Working with Bobby Taylor
Motown CEO Berry Gordy brought the group to Motown's Hitsville U.S.A. studio in Detroit, Michigan, and assigned them to work with Bobby Taylor as their producer. Taylor, who had personally brought the Jacksons to Motown, began having Michael, Jermaine, Jackie, Tito and Marlon record cover versions of current and past soul compositions, including many in the Motown catalog. Over two dozen of these recordings were done, including covers of songs by the Temptations ("(I Know) I'm Losing You", "Born to Love You"), Marvin Gaye ("Chained"), Stevie Wonder ("My Cherie Amour"), the Miracles ("Who's Lovin' You"), and the Four Tops ("Standing in the Shadows of Love"). Among the non-Motown covers done were versions of Sly & the Family Stone's "Stand!", the Delfonics' "Can You Remember", and "Zip-a-Dee-Doo-Dah" from the Walt Disney film Song of the South. The Jackson 5 also re-recorded "You've Changed", a song they first recorded in 1967 which was released on the B side of their first local hit single Big Boy for the Steeltown label before joining the Motown roster. 
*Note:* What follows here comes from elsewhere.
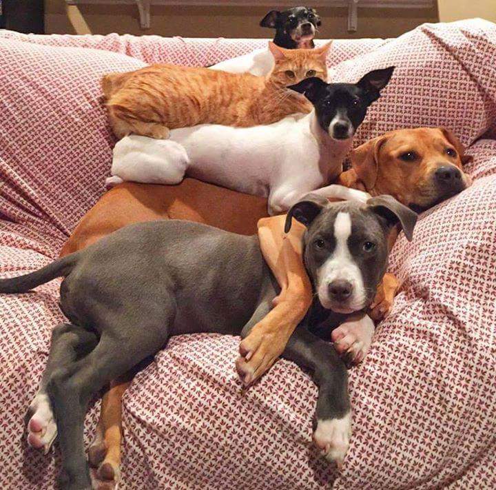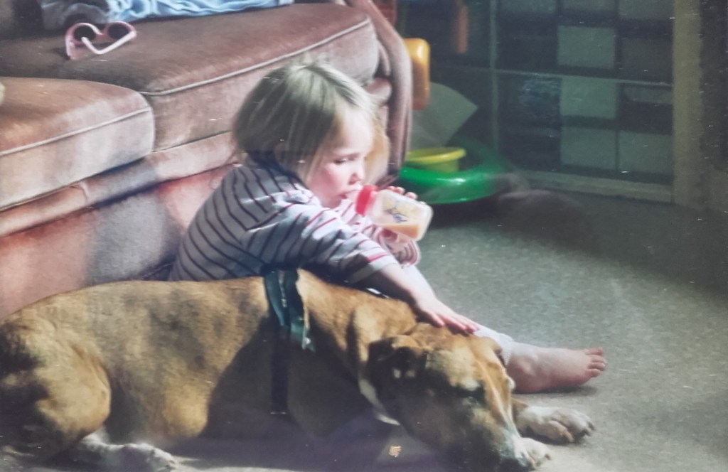 MADELIEFJU EN REINIER: Afgelopen week heb ik twee keer van Madeliefju gedroomd. Madelief was mijn eerste hond. Ze was een pitbullteef die op het strand van Scheveningen woonde en twee jaar lang de mensen van de dierenambulance wist te omzeilen. Hoogstwaarschijnlijk was ze in het illegale circuit gebruikt als fokteef. En, aan haar littekens te zien, ook als bait voordat ze wist te ontsnappen. Ik haalde haar uit het asiel en sindsdien waren we onafscheidelijk. Ik zeg wel dat ik haar uit het asiel haalde, maar eigenlijk ging het andersom. Ze zat met een andere teef in een hok en met die andere teef wilde ik gaan wandelen. Zodra ik het hok open deed, sprong Madelief met vier poten tegelijk in mijn armen. Twee weken later nam ik haar mee naar huis en toen is ze bij me gebleven totdat ze écht niet meer kon en op een zomerdag heel rustig is ingeslapen. Ik heb nooit eerder en nooit meer daarna zo een slimme en handige hond ontmoet! Maar dit allemaal even terzijde: ik droomde over Madelief. In de eerste droom rende ze door de tuin van het tweede huis waar we samen woonde. Daar hadden we een flink stuk grond en Madelief mocht graag ’s morgens voor het ontbijt een paar rondjes rennen. Zo ze ook deed in mijn droom. In de droom de nacht daarna, zat ze aan de andere kant van de Regenboogbrug op Reinier te wachten. Reinier lijkt in karakter en ook in lichaamsbouw heel erg op Madelief, dus ik heb vanaf dag 1 dat ik Reinier uit (een ander) asiel heb gehaald die vergelijking getrokken. Reinier woont inmiddels 11 jaar bij ons en is dus minstens 11,5 en dat is echt oud voor een hond van 35 kilo. Ik weet rationeel dat hij niet zo lang meer bij ons zal blijven en middels dromen bereid ik me blijkbaar emotioneel ook voor op een afscheid. Of Madelief kwam me geruststellen dat zij op Reinier zal passen als ik het niet meer doen kan. Dat mag je ook geloven. Ik geloof dat.

All of the songs Taylor recorded with the Jackson 5 during these summer 1969 sessions held close to the group's traditional R&B/soul sound, a sound somewhat less pop-aware than Motown's signature "Motown Sound". Of these recordings, the most famous became the cover of "Who's Lovin' You", with Michael Jackson re-delivering Smokey Robinson's often-covered plea for the return of a long-gone lover. The Jackson 5's version of the song supplanted the Miracles' original as the definitive recording of the song, and many of the future covers of the song (for example, En Vogue's cover at the beginning of their 1990 single "Hold On"), are based upon this version. 
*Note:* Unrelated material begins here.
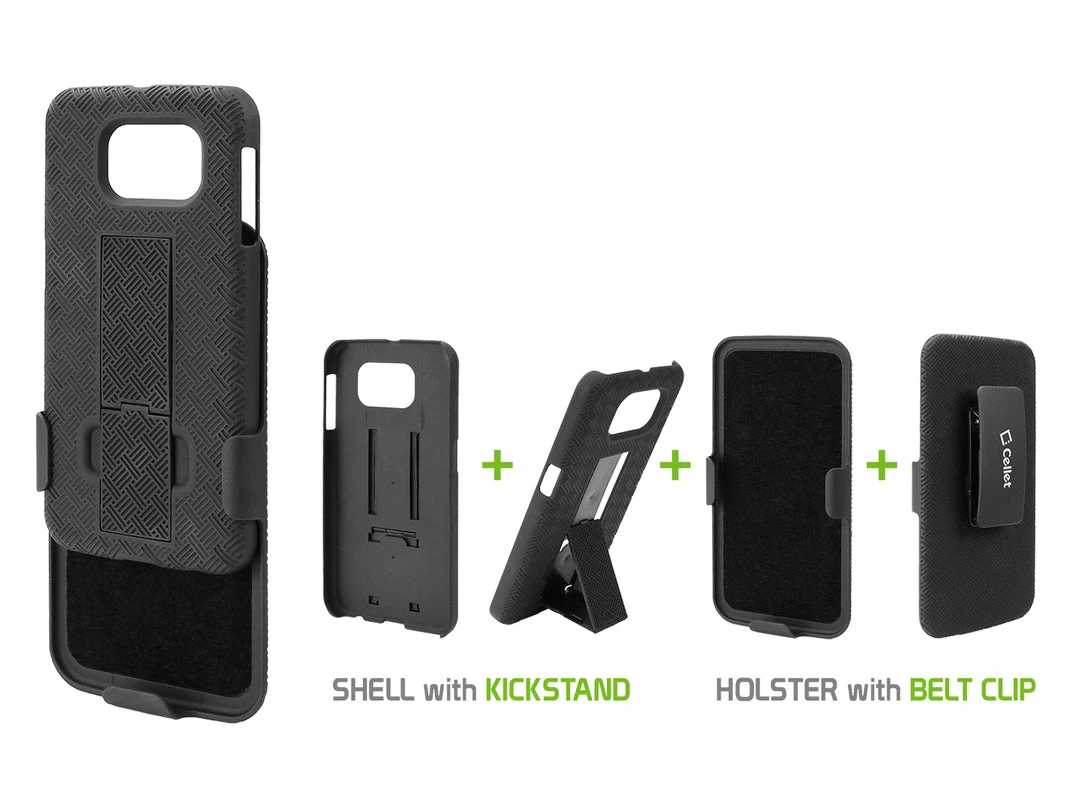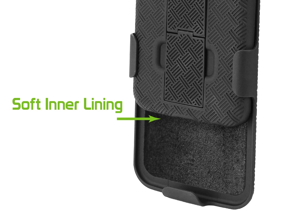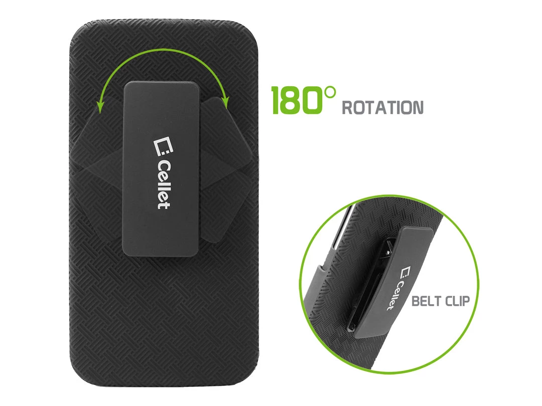 Combining protection with functionality, this shell plus holster case lets you carry your device with ease while providing maximum all-around protection. Built-in media kickstand on the holster and shell allows viewing in landscape (horizontal) or portrait (vertical) orientation and the heavy-duty clip has 180-degree rotation. Rubberized finish and cross-checkered design act as an extra precautionary step against accidental cosmetic damage. The slim profile and the multi-functionality of this product merge style, versatility, and superior protection.

The Jackson 5 recorded a number of songs with Bobby Taylor during these summer 1969 sessions that remained in the Motown vault for several years, including covers of Ray Charles' "A Fool for You", the Four Tops' "Reach Out, I'll Be There", the Isley Brothers' "It's Your Thing", and a version of Bobby Taylor's own "Oh, I've Been Blessed". These recordings would turn up on various Jackson 5 compilations, and virtually all of them were included on the boxed set Soulsation!.
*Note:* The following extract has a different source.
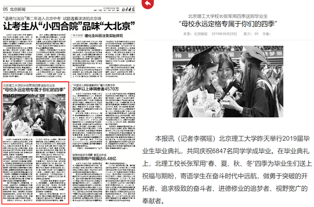 【北京晚报】北理工校长张军用四季送别毕业生:“母校永远定格专属于你们的四季”
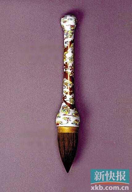 此笔管瓷质中空,施粉彩釉,描金云龙纹,下端装紫毫笔头,上端篆书“大清乾隆年制”款。笔为文房四宝之一。文房指书房、画室,四宝指笔、墨、纸、砚四种书画工具。清代文房四宝的制作工艺有很高的水平,其名品、精品堪称为高雅的工艺品,有的在当时价值连城。如制墨名家程一卿所制的墨,就有“海内宝一卿墨者,黄金不啻也”的说法。

The Corporation's involvement
In August 1969, Berry Gordy decided to take a more direct role in the Jackson 5's career. He had the Jacksons and their father, Joseph, move from Detroit to Los Angeles, California, where Gordy had a satellite studio (the Motown operation would move to Los Angeles by 1972). Taylor followed the group, and continued to work on the cover songs.

During this period, Gordy came across "I Want to Be Free", a composition written by West Coast-based Motown producers Freddie Perren, Alphonzo Mizell, and Deke Richards for Gladys Knight. At first, Gordy wanted the three producers to instead record the song with Diana Ross, but soon decided to give the song "the Frankie Lymon treatment" and record it with the Jackson 5. Richards, Mizell, and Perren began re-working the song, and Gordy and Taylor also became involved in the revision process. The result was "I Want You Back", which became the Jackson 5's first Motown single, and the first of four Jackson 5 songs that went to number-one on the Billboard Hot 100 chart in 1970.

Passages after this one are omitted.